What is the personality type of Walter Benjamin? Which MBTI personality type best fits? Personality type for Walter Benjamin from Western Philosophy and what is the personality traits.
Walter Benjamin personality type is INFP, which means you’re a strongly intuitive and highly reflective type. You’re a solitary thinker, and you’re not a joiner. You can be a little idealistic and romantically nostalgic, but you’re also a realist.
In this type, there’s a tendency to go into long digressions, especially if you’re writing a paper, and will often find yourself off on tangents about whatever subject you’re writing about.
There’s a reason for this, though – it means that you’re more likely to explore a subject – or an idea – in depth. You’ll go on at length about it, and you’re likely to have a lot of insights about it as you do so.

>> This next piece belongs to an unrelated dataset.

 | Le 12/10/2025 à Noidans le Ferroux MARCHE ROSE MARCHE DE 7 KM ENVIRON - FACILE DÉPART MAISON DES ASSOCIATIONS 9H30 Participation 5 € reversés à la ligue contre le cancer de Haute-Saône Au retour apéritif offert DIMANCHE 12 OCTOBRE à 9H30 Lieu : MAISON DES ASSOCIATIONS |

This is because INFPs are deep thinkers, and as such they’ll spend a lot of time exploring the idea that they’re exploring. Rather than just reading about it for a few minutes and moving on, they’ll spend a long time with it.

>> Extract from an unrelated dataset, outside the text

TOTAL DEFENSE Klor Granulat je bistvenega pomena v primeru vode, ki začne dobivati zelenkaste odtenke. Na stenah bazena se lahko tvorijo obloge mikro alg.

Walter Bendix Schönflies Benjamin (/ˈbɛnjəmɪn/; German: [ˈvaltɐ ˈbɛnjamiːn];[5] 15 July 1892 – 26 September 1940)[6] was a German Jewish philosopher, cultural critic and essayist. An eclectic thinker, combining elements of German idealism, Romanticism, Western Marxism, and Jewish mysticism, Benjamin made enduring and influential contributions to aesthetic theory, literary criticism, and historical materialism. He was associated with the Frankfurt School, and also maintained formative friendships with thinkers such as playwright Bertolt Brecht and Kabbalah scholar Gershom Scholem. He was also related to German political theorist and philosopher Hannah Arendt through her first marriage to Benjamin's cousin, Günther Anders.